Easom (1971) held that conditional intent does not satisfy theft.
Robbery - Theft Act 1968 s(8)(1)
Provides the definition for robbery:
A person is guilty of robbery if he steals, and immediately before or at the time of doing so, and in order to do so, he uses force on any person or puts seeks to put any person in fear of being then and there subjected to force.
Robbery- the key elements
2 elements of Actus Reus:
Actus reus of theft
Using or threatening force immediately before or at the time of the theft
2 elements of Mens Rea:
Mens rea of theft
Intent or recklessness, as to the use or threat of force
What amounts to force/threat of force?
Dawson and James (1976) held the word force is given its ordinary meaning.
B+R v DPP (2007) held it does not matter if the v is actually put in fear or not, it is the ds intention that matters.

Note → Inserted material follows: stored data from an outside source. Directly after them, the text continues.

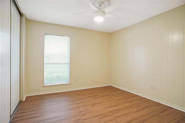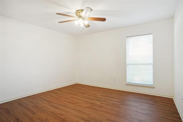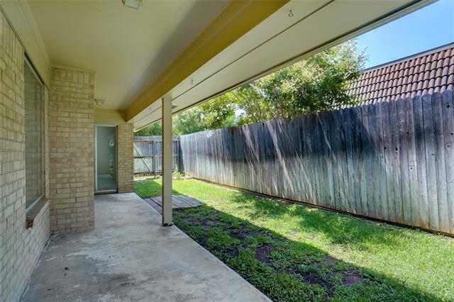 New vinyl plank flooring installed! Updated three bedrooms, two bath duplex. Private courtyard entry, covered patio, mature trees. Large living with laminate floors and wet bar, plantation shutters and blinds. Great kitchen with granite, double ovens, lots of storage and refrigerator. Spacious master offers lovely bath with dual sinks, dual closets, and separate make up vanity. Two other good-sized rooms with nice bath. Nice sized back yard with access from breakfast and master. Quiet neighborhood, corner location convenient to I-20, Chisholm Trail Parkway, SW Medical area & restaurants. All yard care and water included.
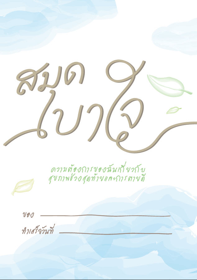 เพียงทำเครื่องหมายถูกหน้าข้อความ หรือเติมคำในช่องว่าง จากนั้น ลงลายเซ็นกำกับในตอนท้ายของสมุด ก็จะได้เอกสารต้นฉบับ สำหรับสื่อสารเจตนาของท่าน เพื่อให้ท่านเบาใจไปเปราะหนึ่ง
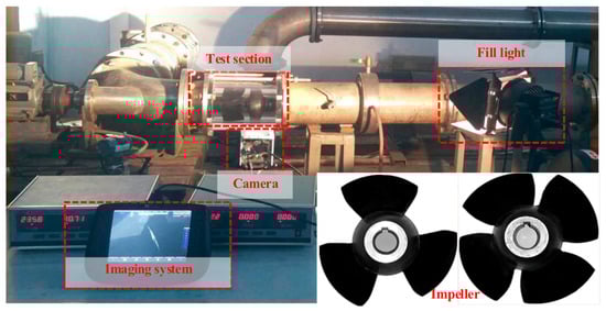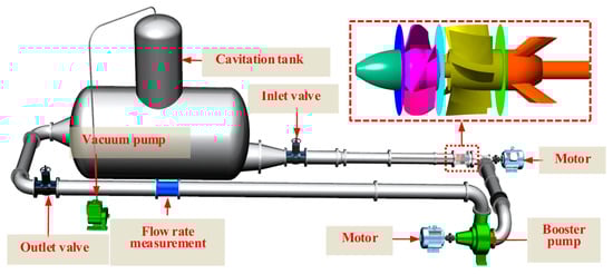 The experiments performed in this study included performance tests and high-speed photography experiments in the impeller. The closed test loop is displayed in Figure 1, which mainly consisted of inlet and outlet valves, a vacuum pump, a booster pump, a flowmeter, a cavitation tank, and stainless steel pipes. The booster pump would be started to increase the flow rate to the required flow rate condition, if the inlet and outlet valves were opened to the maximum and still could not reach the test flow rate. The active cavitation method was adopted for the cavitation experiment, which uses the vacuum pump to reduce the inlet pressure of the pump. The hydraulic components in the test section are enlarged in Figure 1. The high-speed photography system is provided in Figure 2, which mainly consisted of a camera, a fill light, and an image display device. An ISPEED-3 high-speed camera producted by Olympus Corporation (Tokyo, Japan) was utilized to capture the images with a sampling frequency of 4000 Hz, which was set based on a comprehensive consideration of the shooting resolution and cavitation evolution period in the tip region. Organic glass was chosen to create a transparent casing wall that was circular inside and square outside, to obtain a similar refractive index to fluid. The uncertainty of the refractive index was 1.492 ± 0.0004. The specific experimental procedure and uncertainty analysis were published in a previous study [27], including the measurement uncertainties of Q = 365.75 ± 0.89 m3/h, H = 3.13 ± 0.01 m, and torque T = 234.12 ± 0.50 N·m.
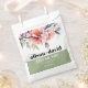 This elegant wedding favor bag showcases a beautiful rhododendron branch adorned with delicate peach-pink flowers and greenery at the upper part. The couple's names are prominently displayed in bold typography, adding a personal touch to the design. A heartfelt message of 'Thank You' is also included, expressing gratitude to the guests. Completing the look, a stylish sage green band gracefully adorns the bottom of the bag, adding a touch of sophistication to any wedding celebration.
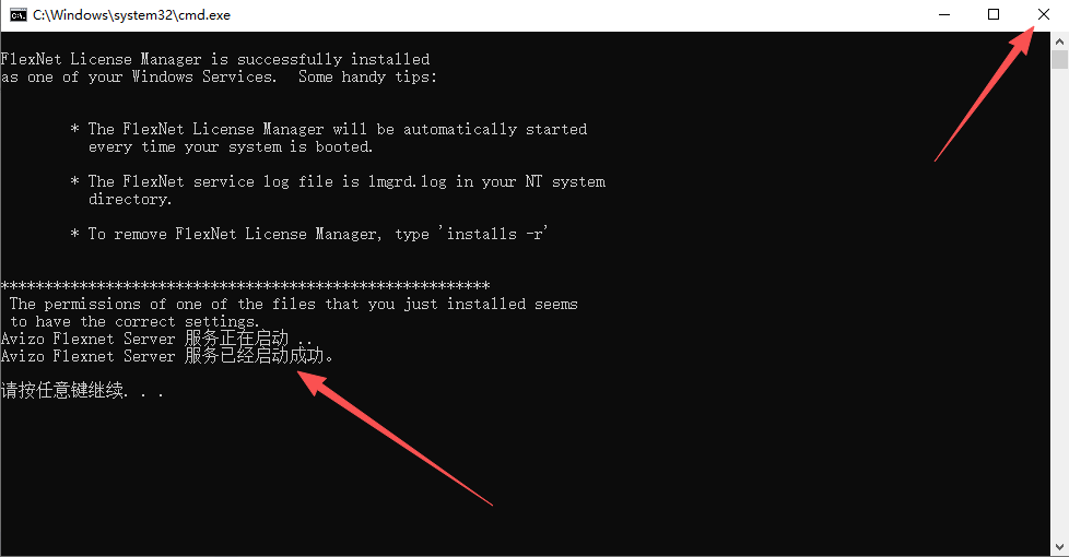 19、出现【服务已经启动成功】,点击右上角【X】。

Clouden (1987) held that the force does not have to be direct force on the victim. The word force is all thats required.
Bentham (2005) held that as long as there is an intention to create fear it does not matter that the threat was not real.
When does force or threat have to take place?
Immediately before, or at the time of the stealing.
Hale (1978) the act of stealing can be a continuing act, the jury decide when the appropriation is complete.
Corcoran and Anderton (1980) knocking a handbag out of the vs grasp with force was sufficient for there to be a robbery, even though the robber did not take the bag.
The connection between the force and threat
The force, or threat of force, must be used in order to steal.
Say the force was used for a different purpose, like rape, then it is not robbery. So if the force was used to allow the theft to happen then it is robbery.
Hale (1978) held tying up a woman to allow for the theft satisfies the force element or robbery.
NO THEFT, NO ROBBERY.
Burglary- Theft Act 1968 s(9)(1)
Provides the definition for burglary:
A person is guilty of burglary if
(1)(a) he enters any buildings or part of a building as a trespasser and with intent to commit any such offence; or
(1)(b) having entered any building or part of a building as a trespasser he steals or attempts to steal anything in the building or that part of it or inflicts or attempts to infliction person there in any GBH.